Investing.com - The pound strengthened over the dollar on Tuesday after disappointing numbers out of the U.S. housing sector hit the wire and weakened the greenback and gave investors room to shrug off soft U.K. inflation data.
In U.S. trading on Tuesday, GBP/USD was up 0.55% at 1.5723, up from a session low of 1.5614 and off a high of 1.5785.
Cable was likely to find support at 1.5599, Monday's low, and resistance at 1.5828, the high from Nov. 27.
U.S. housing starts fell unexpectedly last month, official data showed on Tuesday.
The Census Bureau reported earlier that the number of housing starts fell to 1.028 million units from 1.045 million in the preceding month whose figure was revised up from 1.009 million.
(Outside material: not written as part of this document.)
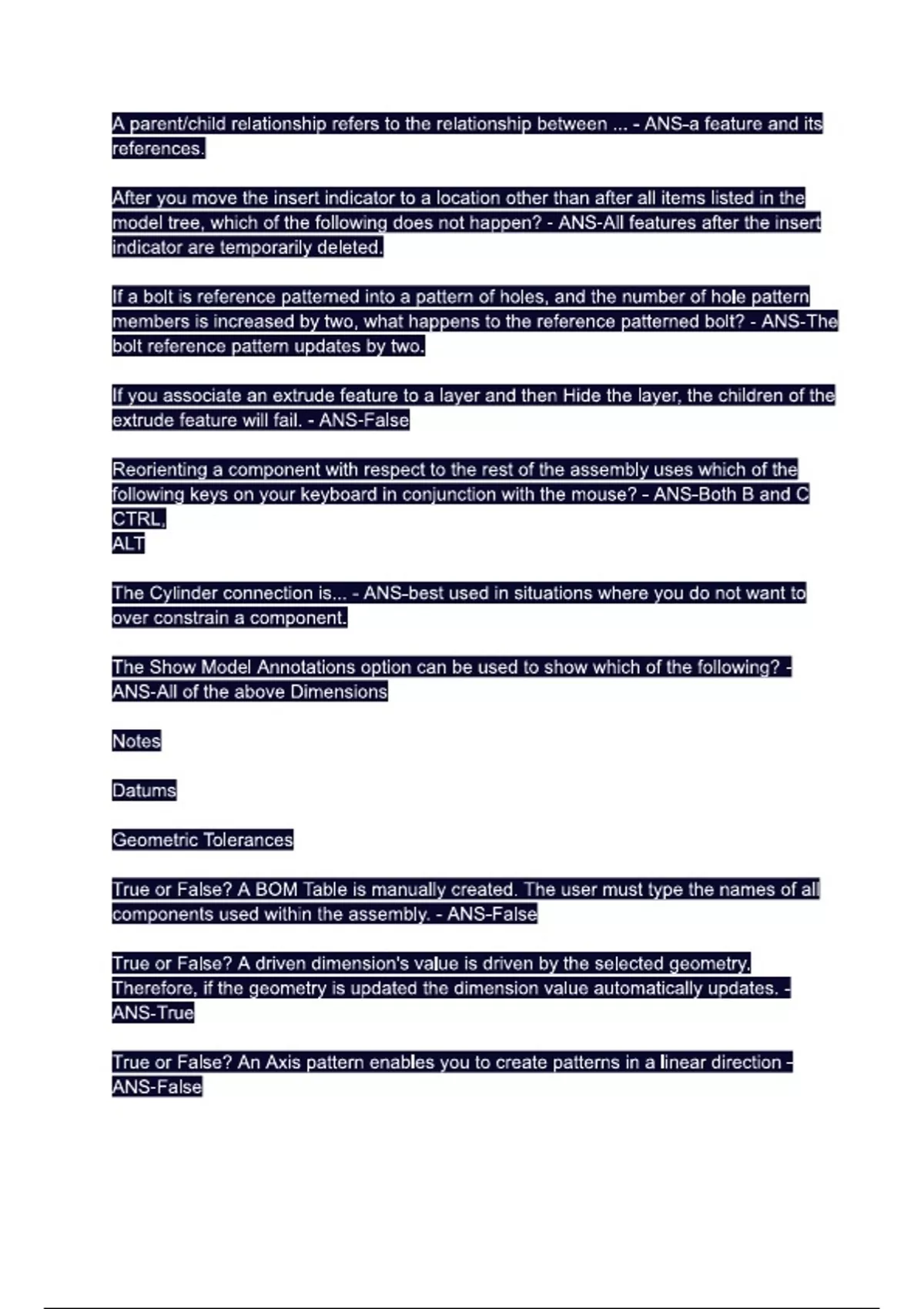 ptc creo test2. Questions & 100% Verified Correct Answers with complete solutions (Latest update

Analysts had expected the number of housing starts to rise to 1.030 million last month.
Building permits took a similar turn for the worse.
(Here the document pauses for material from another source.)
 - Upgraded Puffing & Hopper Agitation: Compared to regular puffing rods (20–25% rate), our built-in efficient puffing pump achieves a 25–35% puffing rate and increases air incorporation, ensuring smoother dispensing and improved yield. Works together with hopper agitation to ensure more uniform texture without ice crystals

The Census Bureau reported that the number of building permits issued in November fell to 1.035 million from 1.080 million in the preceding month .
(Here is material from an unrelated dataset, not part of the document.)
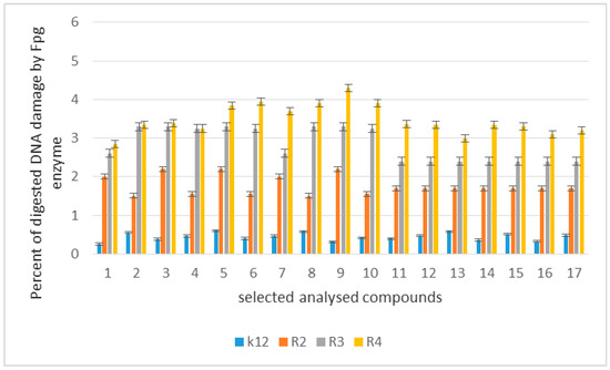 Based on the analysis of the MIC and MBC toxicity tests in the analyzed K12 and R2–R4 E. coli cells (Figure S1 in the Supplementary Materials), it was decided to modify the DNA isolated from the analyzed bacterial strains with all 17 analyzed lactones. On the basis of the obtained results of the modification, we observed that in the R4 strain, there was a change in the structure of the analyzed bacterial DNA by spontaneous change of the ccc, linear, and oc forms in relation to each other and the formation of concatamers probably responsible for bacterial DNA topoisomerases (Figure 7 and Figure S2 in the Supplementary Materials). In the bacterial DNA obtained and modified from other strains, such visible and significant changes in the structure were not observed. However, for further analysis, we used bacterial DNA isolated from all model E. coli strains. Since the effect of the Fpg protein was most pronounced in the R4 strain, we provided its example as a model and analyzed it by Tukey’s test.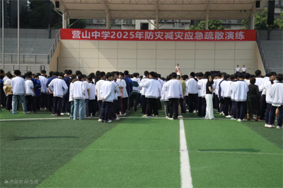 为增强师生防灾减灾意识,提高应急避险和自救互救能力,四川省营山中学校于2025年5月16日上午组织高一、初一师生开展“人人讲安全、个个会应急——排查身边灾害隐患”防灾减灾应急疏散演练。本次演练以实战化标准进行,覆盖莲心楼、致远楼、静嘉楼等区域,全校千余名师生参与。

Analysts were expecting the number of building permits issued to fall to 1.060 million last month.
While a broader analysis of the U.S. housing sector still points to recovery, setbacks such as Tuesday's reports softened the greenback, namely as investors jumped to the sidelines to await the Federal Reserve's statement on monetary policy and interest rates due out on Wednesday.
Meanwhile across the Atlantic, the U.K. Office for National Statistics said the annual rate of consumer price inflation slowed to 1.0% last month from 1.3% in November. It was the lowest rate of inflation since September of 2002 and came in below forecasts for a 1.2% reading.
Consumer prices fell 0.3% on a month-over-month basis after a 0.1% increase in October, missing market calls for an unchanged reading.
Core CPI, which excludes food, energy, alcohol, and tobacco costs rose 1.2% last month, down from 1.5% in October. Economists had expected an unchanged reading.
The report also showed that the U.K. house prices index rose just 10.4% last month, down from 12.1% in October.
Elsewhere, sterling was up against the euro, with EUR/GBP down 0.11% at 0.7944, and up against the yen, with GBP/JPY up 0.25% at 184.71.
On Wednesday, expect markets to move on the Federal Reserve's statement on monetary policy and interest rates.
Elsewhere, the U.S. is to release data on consumer inflation and the current account.
The U.K. is to release data on the change in the number of people employed, the unemployment rate and average earnings. In addition, the BoE is to publish the minutes of its latest policy meeting.